» **Work request**
Search the records below for "habitudes" and copy every line it turns up in.

Saved entries:
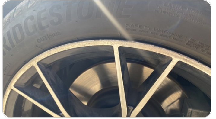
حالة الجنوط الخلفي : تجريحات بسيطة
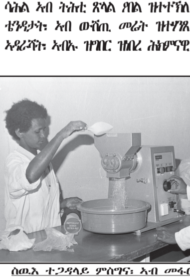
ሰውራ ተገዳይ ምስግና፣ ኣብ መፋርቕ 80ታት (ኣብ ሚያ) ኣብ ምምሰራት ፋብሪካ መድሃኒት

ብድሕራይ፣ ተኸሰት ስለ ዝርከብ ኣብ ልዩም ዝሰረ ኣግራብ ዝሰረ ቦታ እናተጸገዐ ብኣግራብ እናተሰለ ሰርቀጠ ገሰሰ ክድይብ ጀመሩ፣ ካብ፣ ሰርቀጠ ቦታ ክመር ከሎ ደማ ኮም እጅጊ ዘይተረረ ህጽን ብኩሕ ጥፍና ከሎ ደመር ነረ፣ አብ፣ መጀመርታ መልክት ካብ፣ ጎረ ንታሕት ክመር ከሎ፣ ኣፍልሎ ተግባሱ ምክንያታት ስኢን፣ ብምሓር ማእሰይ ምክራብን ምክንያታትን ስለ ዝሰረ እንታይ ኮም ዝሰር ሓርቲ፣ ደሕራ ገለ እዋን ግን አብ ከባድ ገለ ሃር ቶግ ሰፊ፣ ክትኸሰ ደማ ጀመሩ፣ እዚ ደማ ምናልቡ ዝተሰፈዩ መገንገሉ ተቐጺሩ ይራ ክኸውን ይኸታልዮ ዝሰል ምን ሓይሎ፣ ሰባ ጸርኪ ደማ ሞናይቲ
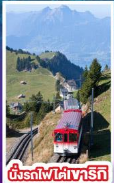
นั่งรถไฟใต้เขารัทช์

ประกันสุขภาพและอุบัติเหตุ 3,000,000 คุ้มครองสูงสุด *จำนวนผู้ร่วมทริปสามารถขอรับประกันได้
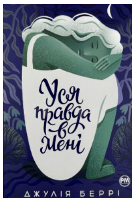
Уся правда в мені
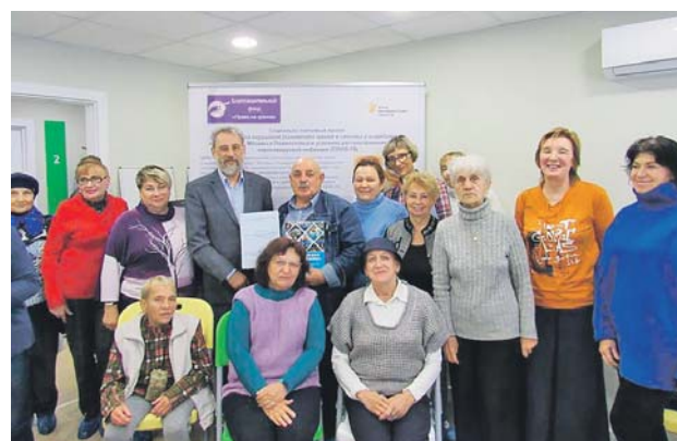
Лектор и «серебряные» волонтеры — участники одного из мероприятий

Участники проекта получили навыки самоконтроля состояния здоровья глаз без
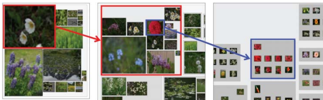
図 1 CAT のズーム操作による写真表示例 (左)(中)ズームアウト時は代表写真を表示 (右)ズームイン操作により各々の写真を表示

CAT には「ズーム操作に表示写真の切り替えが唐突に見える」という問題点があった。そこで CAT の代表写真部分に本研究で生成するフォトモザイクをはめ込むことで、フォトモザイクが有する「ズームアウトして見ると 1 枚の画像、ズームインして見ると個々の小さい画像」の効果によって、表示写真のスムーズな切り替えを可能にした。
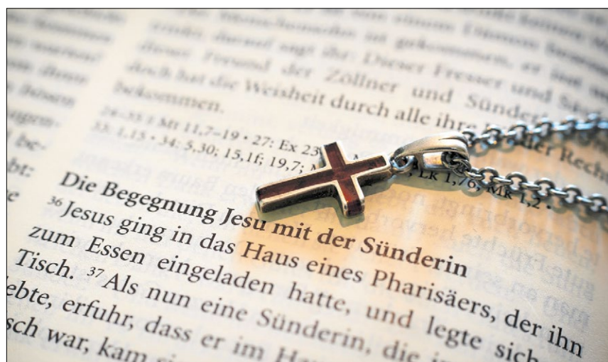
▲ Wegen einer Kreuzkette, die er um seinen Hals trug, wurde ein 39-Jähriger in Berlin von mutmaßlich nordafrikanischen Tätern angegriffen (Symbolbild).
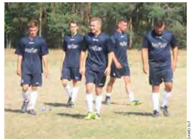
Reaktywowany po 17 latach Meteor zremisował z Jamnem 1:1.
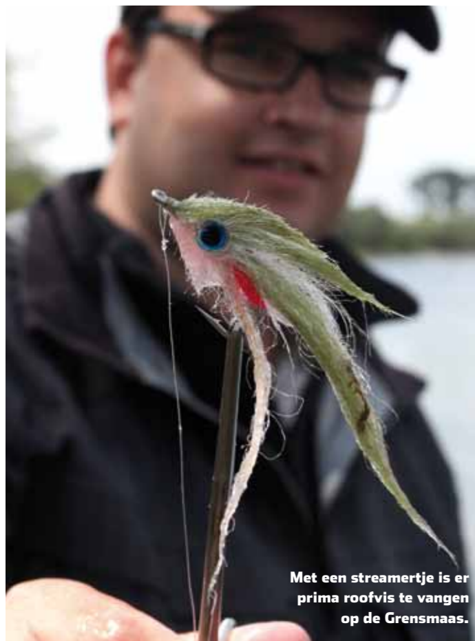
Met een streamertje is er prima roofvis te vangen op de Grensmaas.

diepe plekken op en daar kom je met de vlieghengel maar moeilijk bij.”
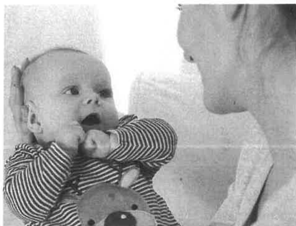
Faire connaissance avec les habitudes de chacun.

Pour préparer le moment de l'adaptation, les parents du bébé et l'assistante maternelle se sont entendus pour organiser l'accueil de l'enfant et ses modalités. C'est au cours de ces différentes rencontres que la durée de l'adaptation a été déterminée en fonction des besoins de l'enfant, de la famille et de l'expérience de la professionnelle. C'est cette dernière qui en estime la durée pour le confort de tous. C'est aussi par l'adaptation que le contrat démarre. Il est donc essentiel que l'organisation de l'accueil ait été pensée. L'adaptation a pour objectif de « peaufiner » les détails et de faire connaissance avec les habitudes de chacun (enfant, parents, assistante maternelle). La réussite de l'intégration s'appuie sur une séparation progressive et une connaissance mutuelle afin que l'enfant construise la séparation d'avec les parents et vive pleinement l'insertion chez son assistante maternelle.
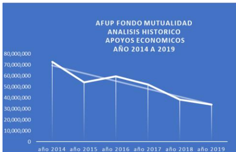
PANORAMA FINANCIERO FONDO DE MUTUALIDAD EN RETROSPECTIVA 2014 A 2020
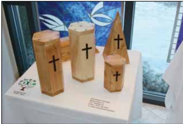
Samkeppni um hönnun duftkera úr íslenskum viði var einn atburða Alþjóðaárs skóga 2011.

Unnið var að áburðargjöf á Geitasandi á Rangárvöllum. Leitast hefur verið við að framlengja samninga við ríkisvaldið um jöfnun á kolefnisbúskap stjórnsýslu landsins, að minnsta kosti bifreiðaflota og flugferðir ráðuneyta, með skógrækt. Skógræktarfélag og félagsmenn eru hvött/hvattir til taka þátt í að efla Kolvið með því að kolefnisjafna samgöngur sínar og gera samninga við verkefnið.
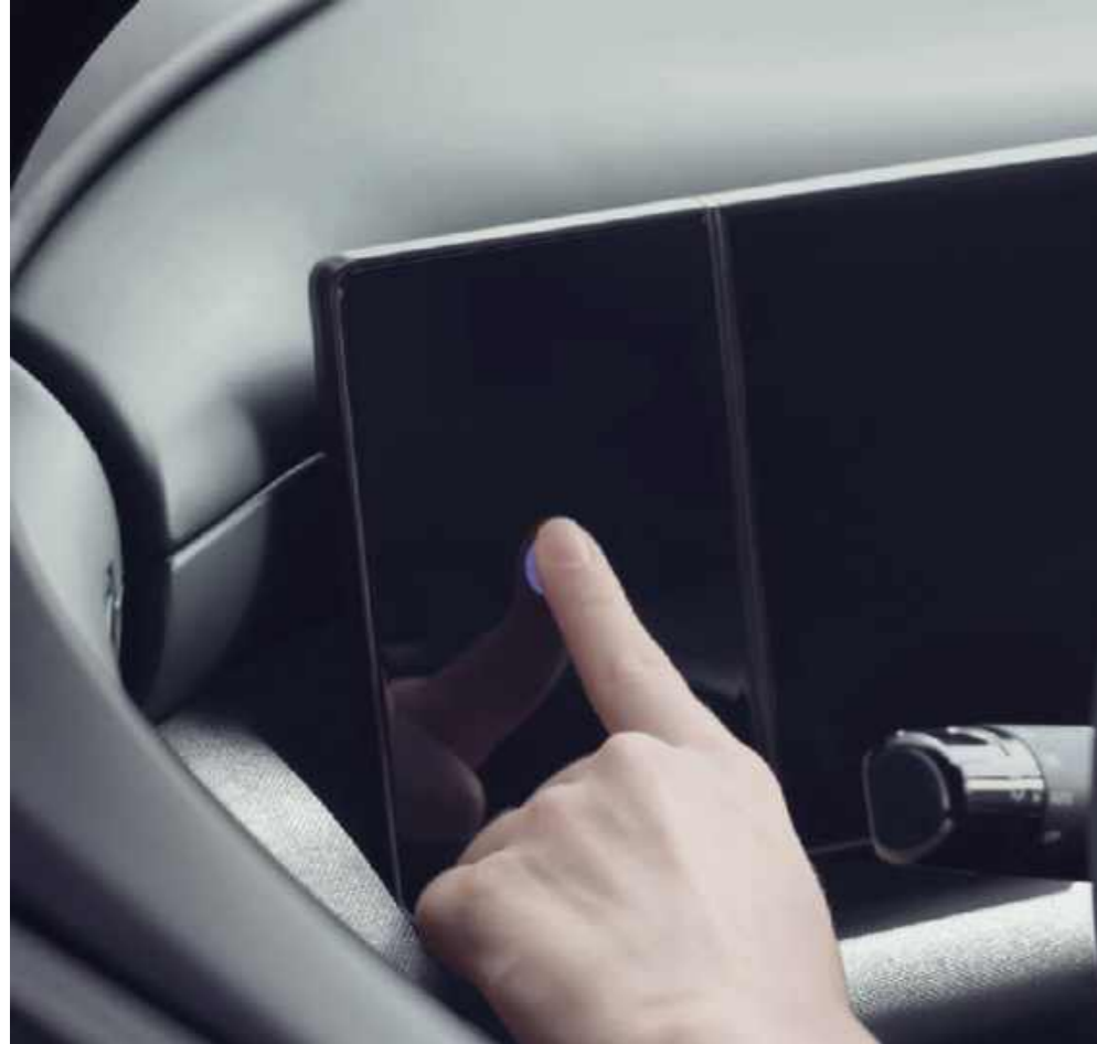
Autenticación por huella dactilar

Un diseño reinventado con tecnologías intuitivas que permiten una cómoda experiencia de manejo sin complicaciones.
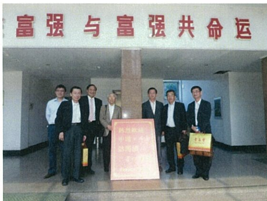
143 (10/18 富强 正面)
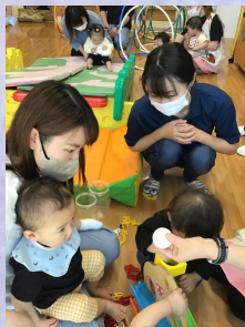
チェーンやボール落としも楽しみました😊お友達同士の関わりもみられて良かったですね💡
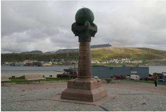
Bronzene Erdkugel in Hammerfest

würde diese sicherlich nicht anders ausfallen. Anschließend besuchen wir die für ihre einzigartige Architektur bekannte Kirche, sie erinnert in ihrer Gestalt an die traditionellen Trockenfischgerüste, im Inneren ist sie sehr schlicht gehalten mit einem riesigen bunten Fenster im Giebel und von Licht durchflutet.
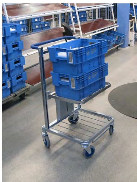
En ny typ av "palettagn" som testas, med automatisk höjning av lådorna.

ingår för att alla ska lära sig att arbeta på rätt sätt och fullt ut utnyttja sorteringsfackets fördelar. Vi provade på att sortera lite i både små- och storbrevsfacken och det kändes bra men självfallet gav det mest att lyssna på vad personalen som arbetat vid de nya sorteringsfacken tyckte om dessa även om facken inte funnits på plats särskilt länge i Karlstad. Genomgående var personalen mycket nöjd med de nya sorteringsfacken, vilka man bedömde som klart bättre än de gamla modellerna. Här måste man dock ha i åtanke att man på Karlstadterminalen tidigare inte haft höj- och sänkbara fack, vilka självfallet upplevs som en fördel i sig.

» **Task response**
Faire connaissance avec les habitudes de chacun.
Pour préparer le moment de l'adaptation, les parents du bébé et l'assistante maternelle se sont entendus pour organiser l'accueil de l'enfant et ses modalités. C'est au cours de ces différentes rencontres que la durée de l'adaptation a été déterminée en fonction des besoins de l'enfant, de la famille et de l'expérience de la professionnelle. C'est cette dernière qui en estime la durée pour le confort de tous. C'est aussi par l'adaptation que le contrat démarre. Il est donc essentiel que l'organisation de l'accueil ait été pensée. L'adaptation a pour objectif de « peaufiner » les détails et de faire connaissance avec les habitudes de chacun (enfant, parents, assistante maternelle). La réussite de l'intégration s'appuie sur une séparation progressive et une connaissance mutuelle afin que l'enfant construise la séparation d'avec les parents et vive pleinement l'insertion chez son assistante maternelle.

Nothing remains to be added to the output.